▶ [What is needed] Can you set down, exactly as they appear below, the lines from the opening of the material through the one bearing "아래는 원화로 환산한", minus the pictures?

▶ [Data records]

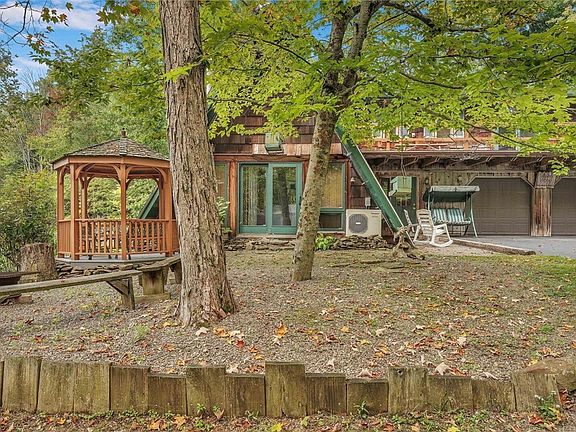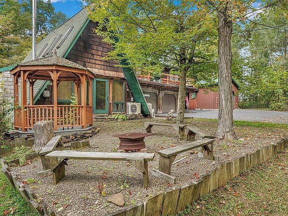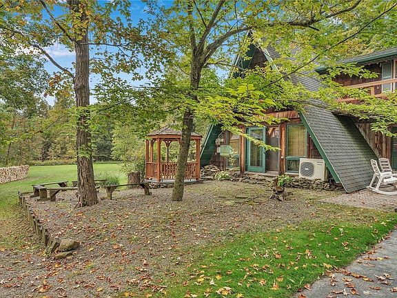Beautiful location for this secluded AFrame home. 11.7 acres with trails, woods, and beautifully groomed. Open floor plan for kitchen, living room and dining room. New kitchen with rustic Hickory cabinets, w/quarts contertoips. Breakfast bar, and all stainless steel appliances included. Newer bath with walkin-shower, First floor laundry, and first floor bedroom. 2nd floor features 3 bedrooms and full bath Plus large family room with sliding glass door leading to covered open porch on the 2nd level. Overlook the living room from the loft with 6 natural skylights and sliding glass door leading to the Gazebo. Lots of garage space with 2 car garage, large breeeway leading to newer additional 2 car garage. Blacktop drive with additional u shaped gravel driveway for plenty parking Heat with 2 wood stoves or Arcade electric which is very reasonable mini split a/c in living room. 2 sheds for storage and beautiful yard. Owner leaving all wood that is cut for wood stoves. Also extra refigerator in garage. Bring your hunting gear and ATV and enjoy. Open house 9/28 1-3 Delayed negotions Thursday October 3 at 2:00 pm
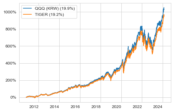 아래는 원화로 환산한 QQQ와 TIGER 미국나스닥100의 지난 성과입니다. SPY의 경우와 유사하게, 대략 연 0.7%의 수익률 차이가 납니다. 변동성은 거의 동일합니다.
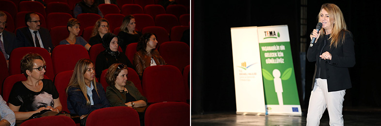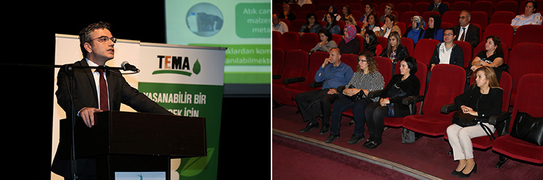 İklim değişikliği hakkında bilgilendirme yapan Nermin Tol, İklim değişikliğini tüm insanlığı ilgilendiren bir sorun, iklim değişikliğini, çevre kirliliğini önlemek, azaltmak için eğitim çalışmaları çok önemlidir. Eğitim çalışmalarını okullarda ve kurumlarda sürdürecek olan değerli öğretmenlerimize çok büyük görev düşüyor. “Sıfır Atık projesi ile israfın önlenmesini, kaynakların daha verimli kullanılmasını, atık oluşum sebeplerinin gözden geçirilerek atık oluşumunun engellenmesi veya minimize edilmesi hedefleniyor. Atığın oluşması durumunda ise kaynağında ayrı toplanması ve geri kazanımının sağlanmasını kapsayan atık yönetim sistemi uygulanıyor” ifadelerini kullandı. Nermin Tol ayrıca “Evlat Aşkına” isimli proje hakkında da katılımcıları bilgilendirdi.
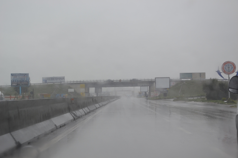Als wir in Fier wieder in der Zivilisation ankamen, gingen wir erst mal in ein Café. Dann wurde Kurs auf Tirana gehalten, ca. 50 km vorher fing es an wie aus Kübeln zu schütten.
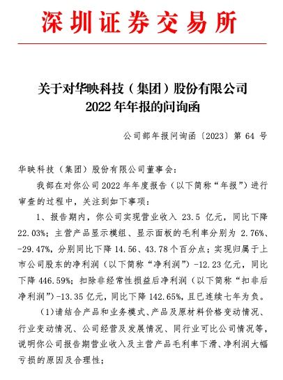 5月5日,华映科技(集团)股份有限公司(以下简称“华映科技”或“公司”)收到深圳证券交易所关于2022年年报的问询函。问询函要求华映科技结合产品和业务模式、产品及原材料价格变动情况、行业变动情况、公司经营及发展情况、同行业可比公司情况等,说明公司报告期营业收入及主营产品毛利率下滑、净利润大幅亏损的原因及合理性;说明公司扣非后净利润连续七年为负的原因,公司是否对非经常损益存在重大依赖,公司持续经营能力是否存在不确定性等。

▶ [Result for this exercise]
Beautiful location for this secluded AFrame home. 11.7 acres with trails, woods, and beautifully groomed. Open floor plan for kitchen, living room and dining room. New kitchen with rustic Hickory cabinets, w/quarts contertoips. Breakfast bar, and all stainless steel appliances included. Newer bath with walkin-shower, First floor laundry, and first floor bedroom. 2nd floor features 3 bedrooms and full bath Plus large family room with sliding glass door leading to covered open porch on the 2nd level. Overlook the living room from the loft with 6 natural skylights and sliding glass door leading to the Gazebo. Lots of garage space with 2 car garage, large breeeway leading to newer additional 2 car garage. Blacktop drive with additional u shaped gravel driveway for plenty parking Heat with 2 wood stoves or Arcade electric which is very reasonable mini split a/c in living room. 2 sheds for storage and beautiful yard. Owner leaving all wood that is cut for wood stoves. Also extra refigerator in garage. Bring your hunting gear and ATV and enjoy. Open house 9/28 1-3 Delayed negotions Thursday October 3 at 2:00 pm
 아래는 원화로 환산한 QQQ와 TIGER 미국나스닥100의 지난 성과입니다. SPY의 경우와 유사하게, 대략 연 0.7%의 수익률 차이가 납니다. 변동성은 거의 동일합니다.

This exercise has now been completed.